### Source material
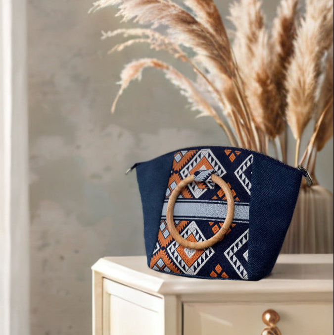 Handmade Natural Plant Dyed Cotton Briefcase with Octagonal Flower Pattern, Unique Pattern Handbag, Bamboo Handle Bag for MacBook 13"
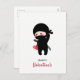Shy Blushing Ninja Holding Origami Paper Heart Holiday Postcard
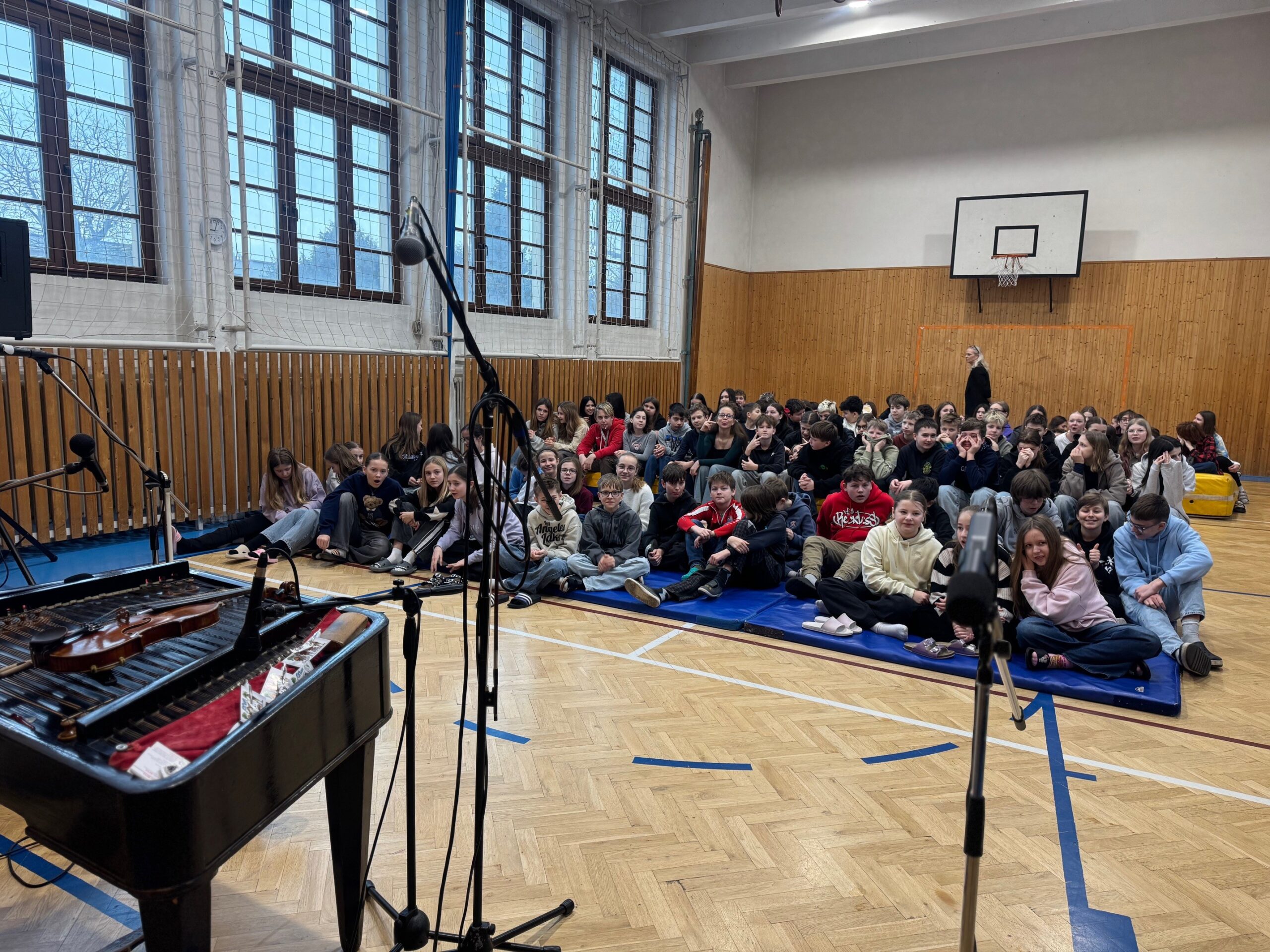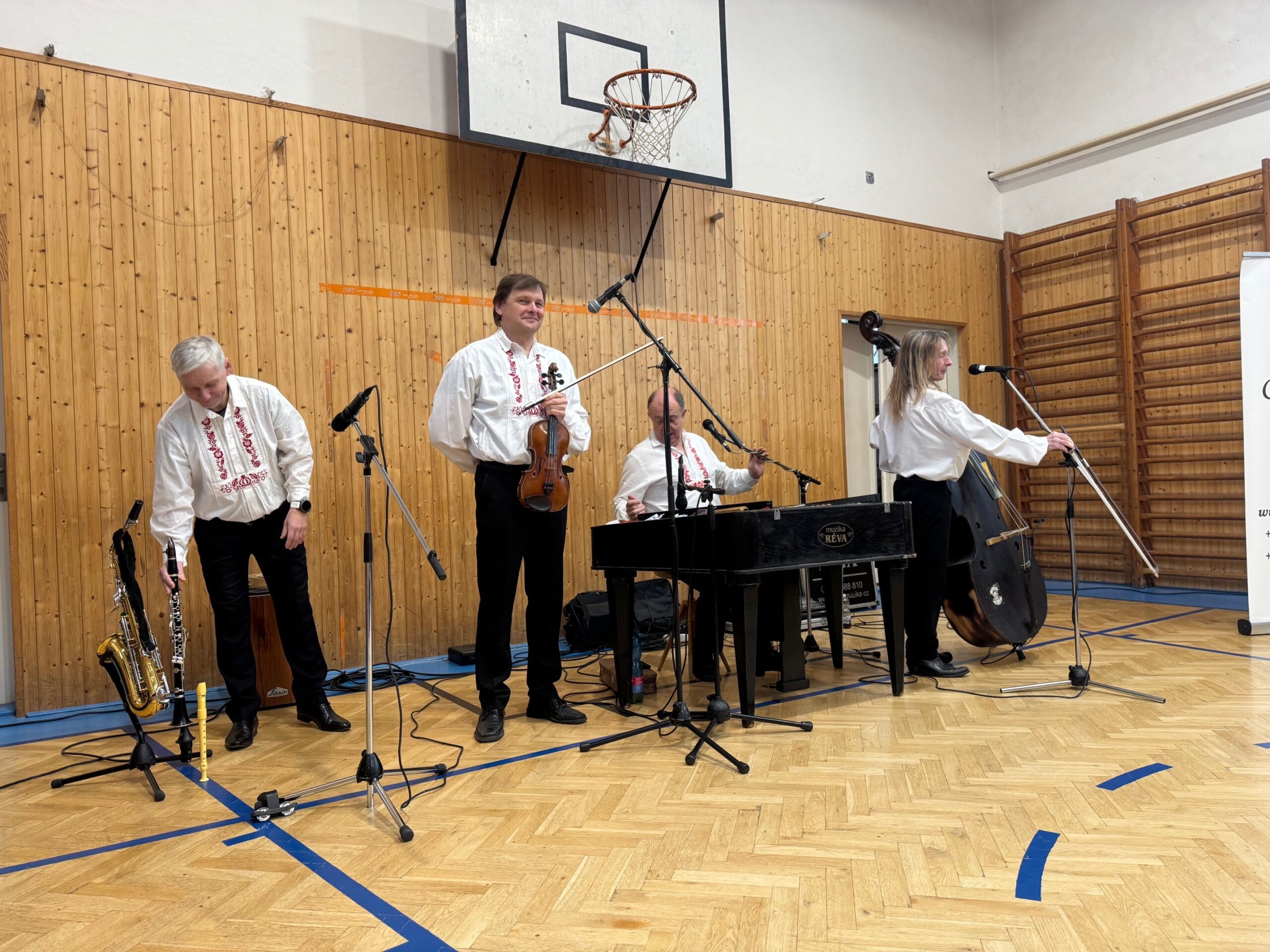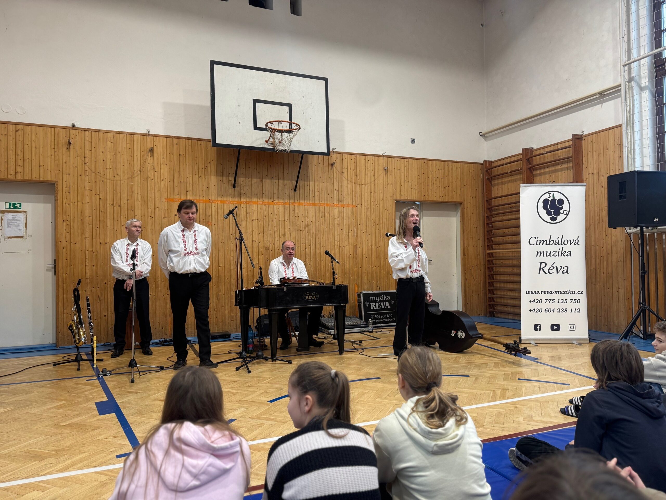 V úterý 3. února jsme na naší škole přivítali hudební skupinu Réva s cimbálem. Žáci si mohli poslechnout pestrý hudební program, ve kterém zazněly jak lidové a klasické skladby, tak i moderní písně v netradičním aranžmá. Součástí vystoupení byly také soutěžní otázky, za jejichž správné odpovědi žáci získávali drobné odměny. Vystoupení se setkalo s velkým ohlasem a příjemně zpestřilo školní den.
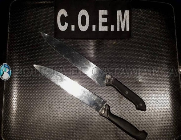 Al observar la presencia policial, el ahora aprehendido arrojó al interior de un domicilio dos cuchillas tipo carnicero, que quedaron en calidad de secuestro.

### Required work
Could you repeat the data exactly, omitting its pictures?

### Answer
 Handmade Natural Plant Dyed Cotton Briefcase with Octagonal Flower Pattern, Unique Pattern Handbag, Bamboo Handle Bag for MacBook 13"
Shy Blushing Ninja Holding Origami Paper Heart Holiday Postcard
 V úterý 3. února jsme na naší škole přivítali hudební skupinu Réva s cimbálem. Žáci si mohli poslechnout pestrý hudební program, ve kterém zazněly jak lidové a klasické skladby, tak i moderní písně v netradičním aranžmá. Součástí vystoupení byly také soutěžní otázky, za jejichž správné odpovědi žáci získávali drobné odměny. Vystoupení se setkalo s velkým ohlasem a příjemně zpestřilo školní den.
 Al observar la presencia policial, el ahora aprehendido arrojó al interior de un domicilio dos cuchillas tipo carnicero, que quedaron en calidad de secuestro.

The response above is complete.